*** TASK MATERIAL ***

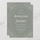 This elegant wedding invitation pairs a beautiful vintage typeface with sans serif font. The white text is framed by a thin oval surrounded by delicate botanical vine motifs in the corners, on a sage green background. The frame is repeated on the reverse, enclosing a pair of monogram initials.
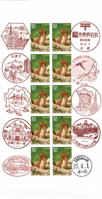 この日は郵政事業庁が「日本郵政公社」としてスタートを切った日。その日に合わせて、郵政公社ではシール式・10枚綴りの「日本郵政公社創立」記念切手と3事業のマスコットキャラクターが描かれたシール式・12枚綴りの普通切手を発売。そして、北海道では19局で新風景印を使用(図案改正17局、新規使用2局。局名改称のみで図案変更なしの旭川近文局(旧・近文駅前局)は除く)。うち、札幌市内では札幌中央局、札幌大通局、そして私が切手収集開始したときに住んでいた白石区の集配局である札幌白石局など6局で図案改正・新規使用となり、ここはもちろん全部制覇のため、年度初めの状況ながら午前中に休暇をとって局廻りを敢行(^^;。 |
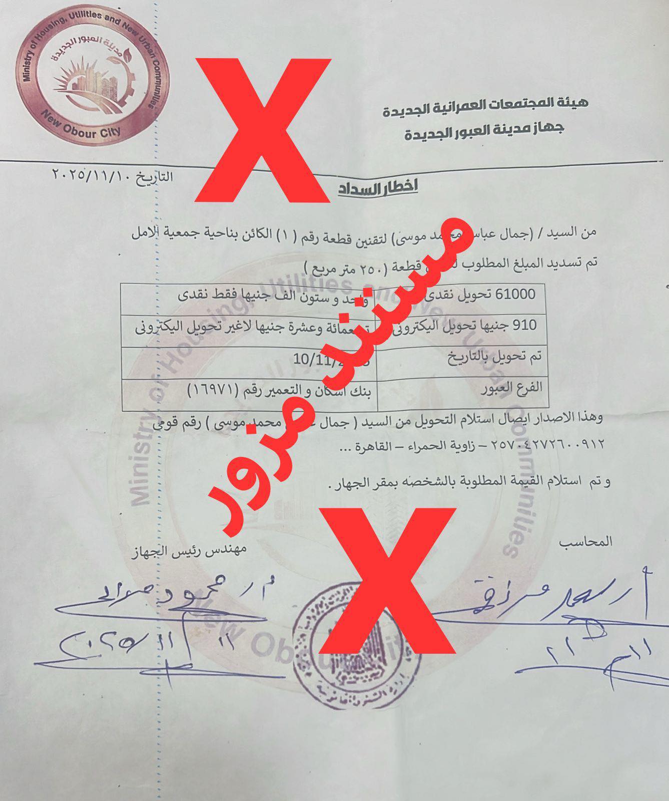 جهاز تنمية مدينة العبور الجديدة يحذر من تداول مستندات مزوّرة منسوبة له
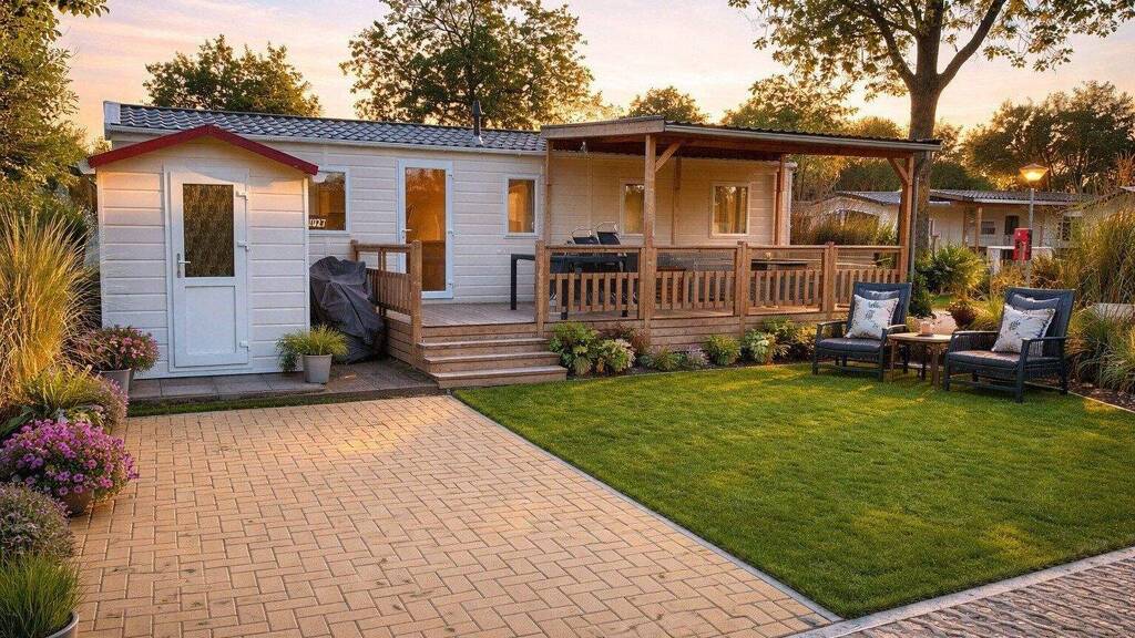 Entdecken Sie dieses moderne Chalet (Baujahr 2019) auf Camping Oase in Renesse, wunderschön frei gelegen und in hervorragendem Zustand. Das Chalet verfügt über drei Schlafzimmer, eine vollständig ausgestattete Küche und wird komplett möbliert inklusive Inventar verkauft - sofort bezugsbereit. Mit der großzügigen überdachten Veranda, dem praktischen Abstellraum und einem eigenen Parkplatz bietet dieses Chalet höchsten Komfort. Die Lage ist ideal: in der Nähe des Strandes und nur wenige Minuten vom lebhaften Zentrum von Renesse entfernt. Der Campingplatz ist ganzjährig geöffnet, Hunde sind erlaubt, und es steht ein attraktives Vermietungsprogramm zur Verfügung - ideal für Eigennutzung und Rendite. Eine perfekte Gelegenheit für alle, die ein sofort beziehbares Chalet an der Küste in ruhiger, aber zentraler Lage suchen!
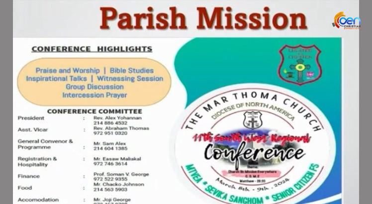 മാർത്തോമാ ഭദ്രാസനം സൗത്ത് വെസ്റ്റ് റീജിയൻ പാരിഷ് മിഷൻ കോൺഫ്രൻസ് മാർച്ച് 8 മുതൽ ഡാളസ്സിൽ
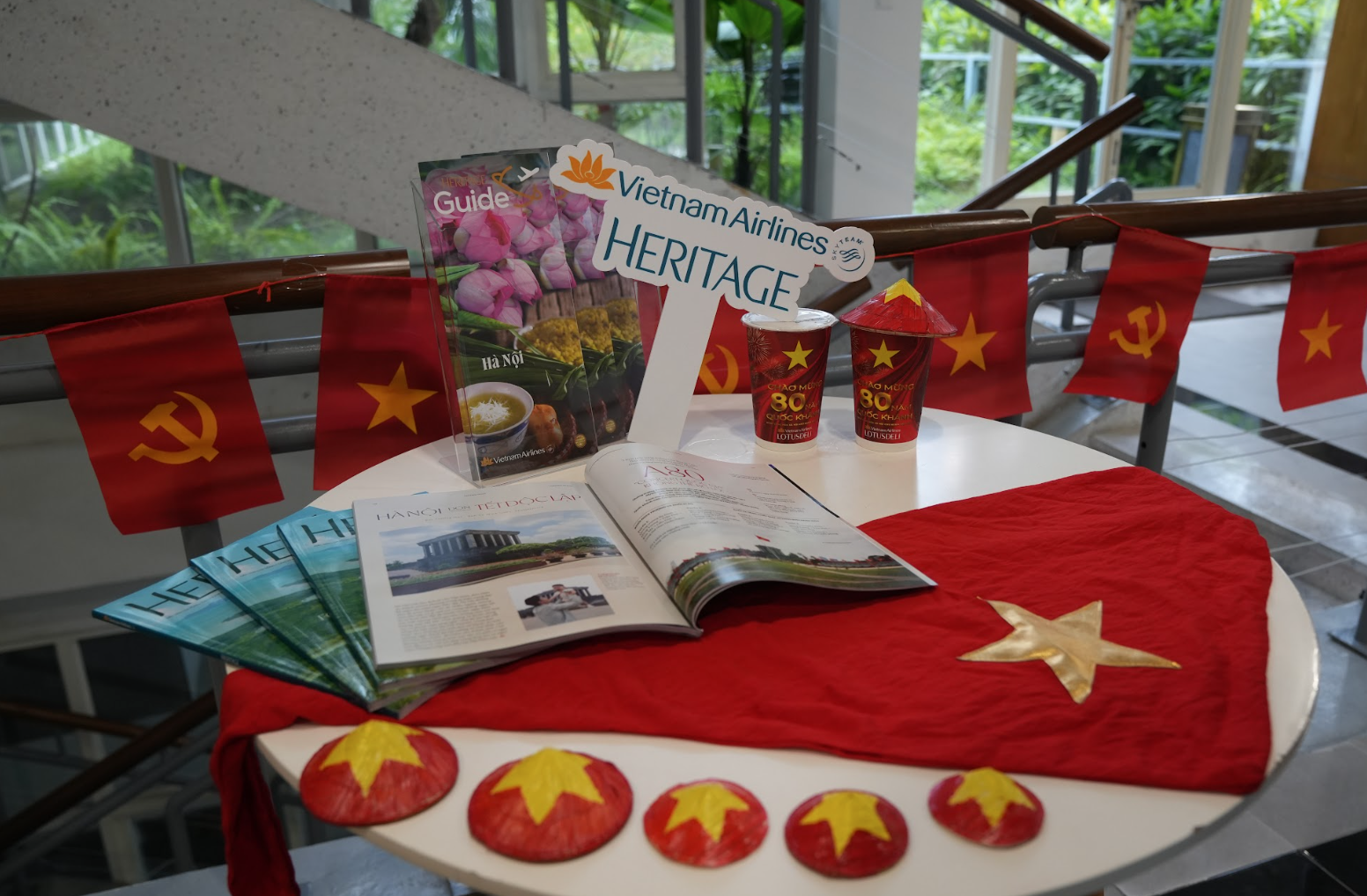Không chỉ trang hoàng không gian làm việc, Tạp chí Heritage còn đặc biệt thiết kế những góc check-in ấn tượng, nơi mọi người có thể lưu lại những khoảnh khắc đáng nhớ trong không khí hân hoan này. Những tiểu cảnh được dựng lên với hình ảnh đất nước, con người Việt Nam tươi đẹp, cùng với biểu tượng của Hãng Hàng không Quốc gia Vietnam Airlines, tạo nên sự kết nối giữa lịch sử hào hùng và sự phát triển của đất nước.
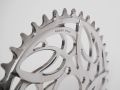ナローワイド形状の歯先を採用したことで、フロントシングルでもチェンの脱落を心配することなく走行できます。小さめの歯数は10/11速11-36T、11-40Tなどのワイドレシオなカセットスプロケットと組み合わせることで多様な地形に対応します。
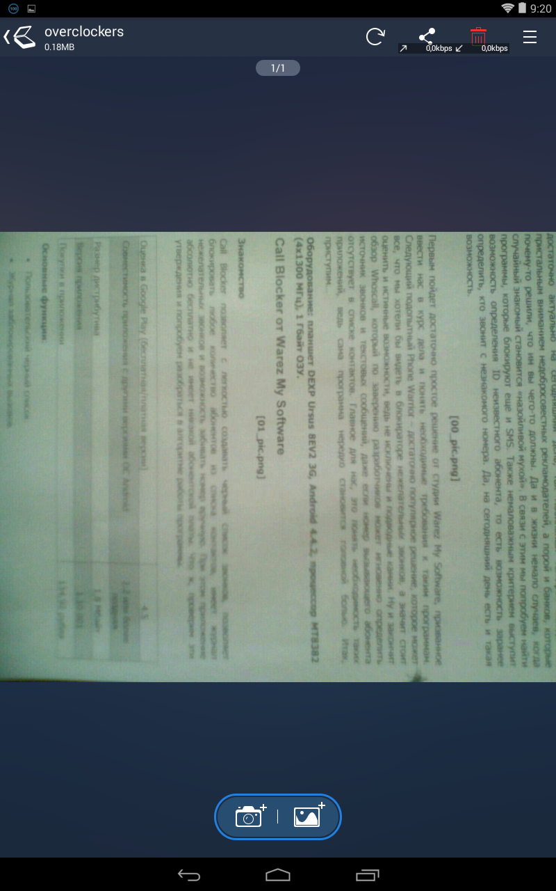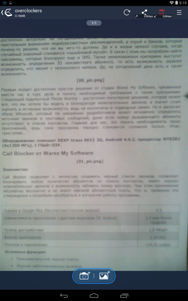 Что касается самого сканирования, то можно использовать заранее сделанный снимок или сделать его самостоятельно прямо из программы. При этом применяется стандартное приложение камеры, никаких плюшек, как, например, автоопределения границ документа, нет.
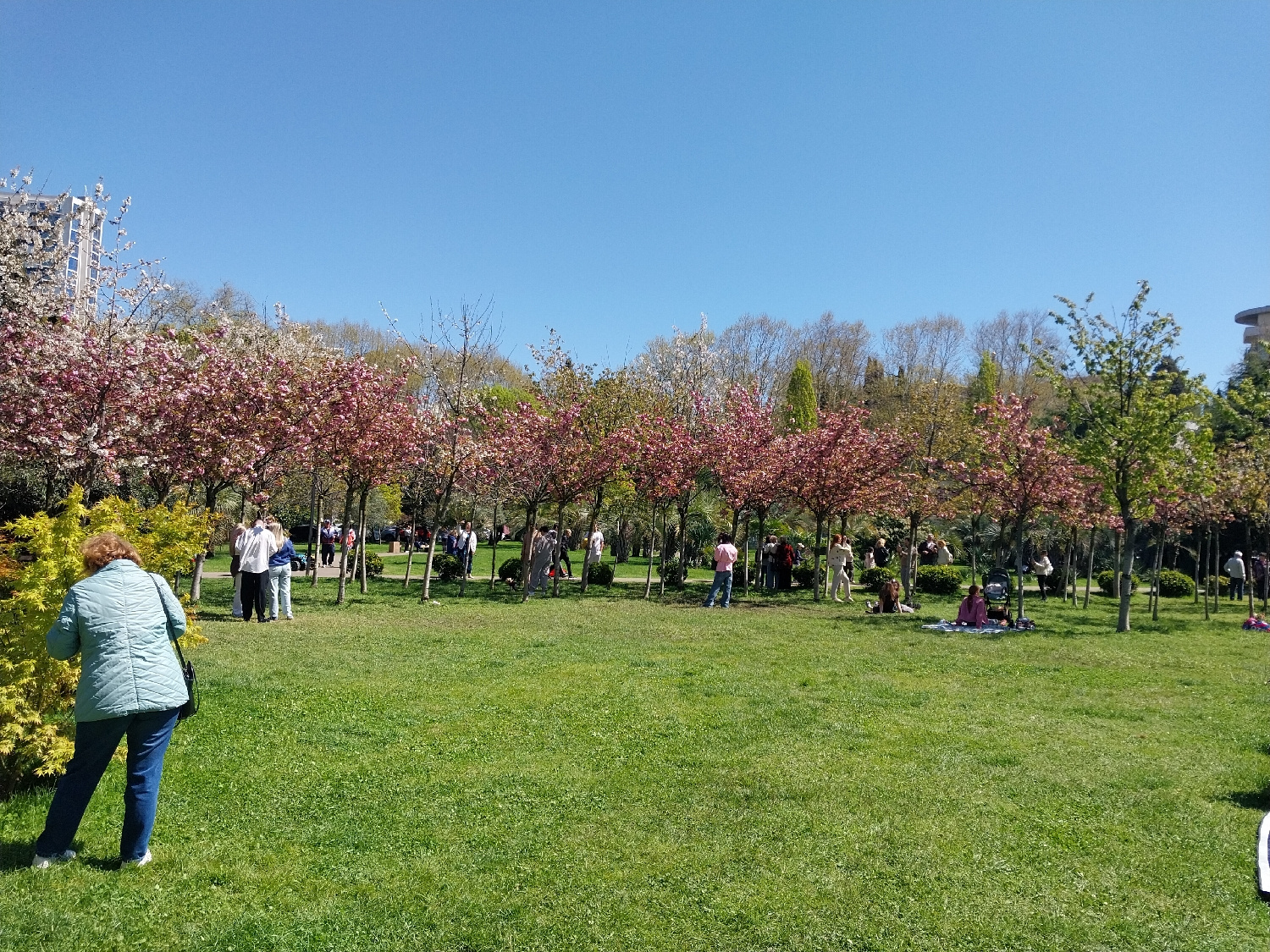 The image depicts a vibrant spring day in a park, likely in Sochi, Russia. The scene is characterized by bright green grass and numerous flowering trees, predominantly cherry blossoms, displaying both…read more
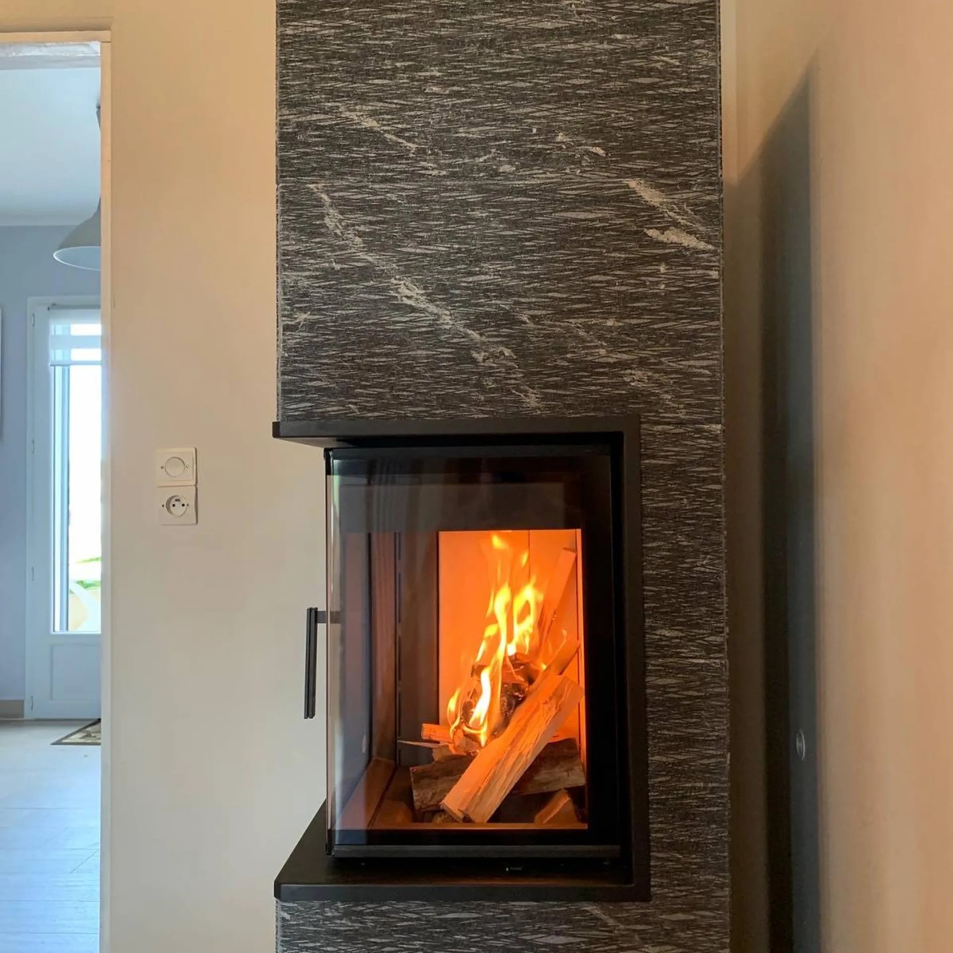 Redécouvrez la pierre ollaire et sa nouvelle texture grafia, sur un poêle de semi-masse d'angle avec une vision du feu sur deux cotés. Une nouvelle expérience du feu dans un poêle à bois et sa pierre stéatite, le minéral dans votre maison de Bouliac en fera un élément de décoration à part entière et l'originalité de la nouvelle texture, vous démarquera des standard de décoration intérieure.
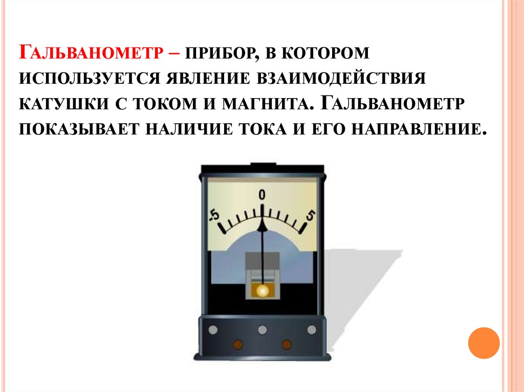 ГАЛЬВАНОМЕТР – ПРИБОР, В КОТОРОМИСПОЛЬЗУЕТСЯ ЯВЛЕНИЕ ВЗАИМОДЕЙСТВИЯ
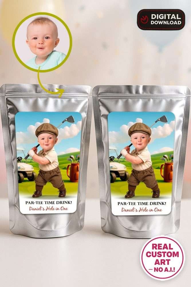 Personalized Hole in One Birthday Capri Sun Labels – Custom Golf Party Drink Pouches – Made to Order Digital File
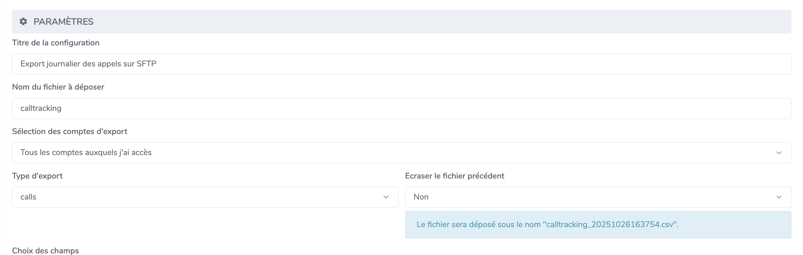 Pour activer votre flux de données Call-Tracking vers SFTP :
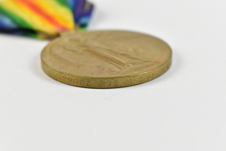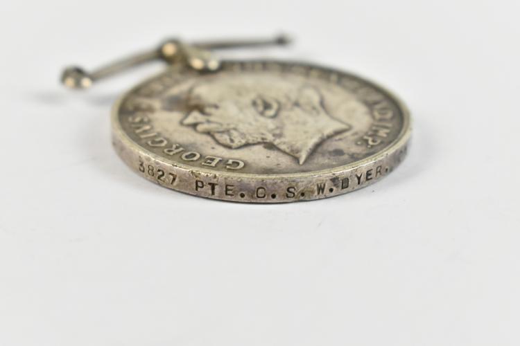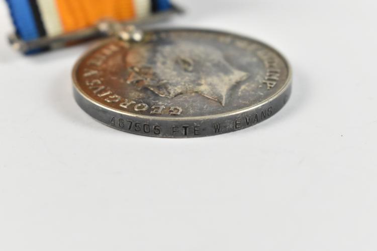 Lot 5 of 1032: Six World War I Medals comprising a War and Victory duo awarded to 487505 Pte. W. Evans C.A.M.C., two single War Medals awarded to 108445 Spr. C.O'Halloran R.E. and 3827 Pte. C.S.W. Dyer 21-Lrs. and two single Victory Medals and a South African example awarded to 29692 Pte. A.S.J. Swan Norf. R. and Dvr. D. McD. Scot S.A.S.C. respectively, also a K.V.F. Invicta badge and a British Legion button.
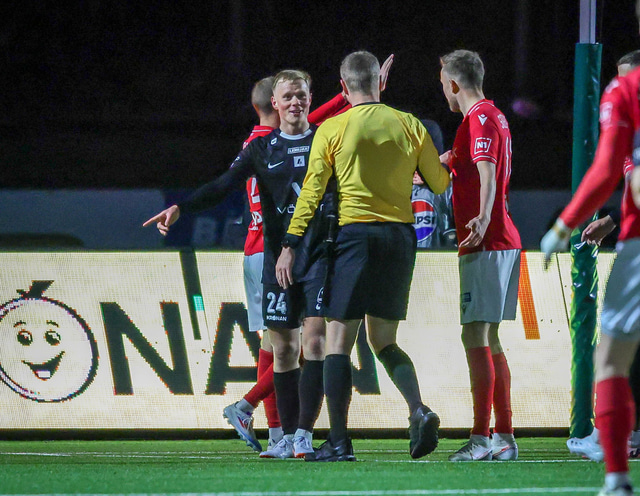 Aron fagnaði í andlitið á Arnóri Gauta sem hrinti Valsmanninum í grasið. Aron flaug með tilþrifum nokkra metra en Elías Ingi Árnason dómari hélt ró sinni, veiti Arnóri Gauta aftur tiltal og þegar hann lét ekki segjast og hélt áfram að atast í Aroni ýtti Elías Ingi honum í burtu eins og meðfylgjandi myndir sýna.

*** End of TASK MATERIAL ***

## ABOUT THIS EXERCISE
Only the records themselves, retyped exactly, belong in the answer; please leave all images behind.

## SOLUTION FOR THIS EXERCISE
 This elegant wedding invitation pairs a beautiful vintage typeface with sans serif font. The white text is framed by a thin oval surrounded by delicate botanical vine motifs in the corners, on a sage green background. The frame is repeated on the reverse, enclosing a pair of monogram initials.
 この日は郵政事業庁が「日本郵政公社」としてスタートを切った日。その日に合わせて、郵政公社ではシール式・10枚綴りの「日本郵政公社創立」記念切手と3事業のマスコットキャラクターが描かれたシール式・12枚綴りの普通切手を発売。そして、北海道では19局で新風景印を使用(図案改正17局、新規使用2局。局名改称のみで図案変更なしの旭川近文局(旧・近文駅前局)は除く)。うち、札幌市内では札幌中央局、札幌大通局、そして私が切手収集開始したときに住んでいた白石区の集配局である札幌白石局など6局で図案改正・新規使用となり、ここはもちろん全部制覇のため、年度初めの状況ながら午前中に休暇をとって局廻りを敢行(^^;。 |
 جهاز تنمية مدينة العبور الجديدة يحذر من تداول مستندات مزوّرة منسوبة له
 Entdecken Sie dieses moderne Chalet (Baujahr 2019) auf Camping Oase in Renesse, wunderschön frei gelegen und in hervorragendem Zustand. Das Chalet verfügt über drei Schlafzimmer, eine vollständig ausgestattete Küche und wird komplett möbliert inklusive Inventar verkauft - sofort bezugsbereit. Mit der großzügigen überdachten Veranda, dem praktischen Abstellraum und einem eigenen Parkplatz bietet dieses Chalet höchsten Komfort. Die Lage ist ideal: in der Nähe des Strandes und nur wenige Minuten vom lebhaften Zentrum von Renesse entfernt. Der Campingplatz ist ganzjährig geöffnet, Hunde sind erlaubt, und es steht ein attraktives Vermietungsprogramm zur Verfügung - ideal für Eigennutzung und Rendite. Eine perfekte Gelegenheit für alle, die ein sofort beziehbares Chalet an der Küste in ruhiger, aber zentraler Lage suchen!
 മാർത്തോമാ ഭദ്രാസനം സൗത്ത് വെസ്റ്റ് റീജിയൻ പാരിഷ് മിഷൻ കോൺഫ്രൻസ് മാർച്ച് 8 മുതൽ ഡാളസ്സിൽ
Không chỉ trang hoàng không gian làm việc, Tạp chí Heritage còn đặc biệt thiết kế những góc check-in ấn tượng, nơi mọi người có thể lưu lại những khoảnh khắc đáng nhớ trong không khí hân hoan này. Những tiểu cảnh được dựng lên với hình ảnh đất nước, con người Việt Nam tươi đẹp, cùng với biểu tượng của Hãng Hàng không Quốc gia Vietnam Airlines, tạo nên sự kết nối giữa lịch sử hào hùng và sự phát triển của đất nước.
ナローワイド形状の歯先を採用したことで、フロントシングルでもチェンの脱落を心配することなく走行できます。小さめの歯数は10/11速11-36T、11-40Tなどのワイドレシオなカセットスプロケットと組み合わせることで多様な地形に対応します。
 Что касается самого сканирования, то можно использовать заранее сделанный снимок или сделать его самостоятельно прямо из программы. При этом применяется стандартное приложение камеры, никаких плюшек, как, например, автоопределения границ документа, нет.
 The image depicts a vibrant spring day in a park, likely in Sochi, Russia. The scene is characterized by bright green grass and numerous flowering trees, predominantly cherry blossoms, displaying both…read more
 Redécouvrez la pierre ollaire et sa nouvelle texture grafia, sur un poêle de semi-masse d'angle avec une vision du feu sur deux cotés. Une nouvelle expérience du feu dans un poêle à bois et sa pierre stéatite, le minéral dans votre maison de Bouliac en fera un élément de décoration à part entière et l'originalité de la nouvelle texture, vous démarquera des standard de décoration intérieure.
 ГАЛЬВАНОМЕТР – ПРИБОР, В КОТОРОМИСПОЛЬЗУЕТСЯ ЯВЛЕНИЕ ВЗАИМОДЕЙСТВИЯ
 Personalized Hole in One Birthday Capri Sun Labels – Custom Golf Party Drink Pouches – Made to Order Digital File
 Pour activer votre flux de données Call-Tracking vers SFTP :
 Lot 5 of 1032: Six World War I Medals comprising a War and Victory duo awarded to 487505 Pte. W. Evans C.A.M.C., two single War Medals awarded to 108445 Spr. C.O'Halloran R.E. and 3827 Pte. C.S.W. Dyer 21-Lrs. and two single Victory Medals and a South African example awarded to 29692 Pte. A.S.J. Swan Norf. R. and Dvr. D. McD. Scot S.A.S.C. respectively, also a K.V.F. Invicta badge and a British Legion button.
 Aron fagnaði í andlitið á Arnóri Gauta sem hrinti Valsmanninum í grasið. Aron flaug með tilþrifum nokkra metra en Elías Ingi Árnason dómari hélt ró sinni, veiti Arnóri Gauta aftur tiltal og þegar hann lét ekki segjast og hélt áfram að atast í Aroni ýtti Elías Ingi honum í burtu eins og meðfylgjandi myndir sýna.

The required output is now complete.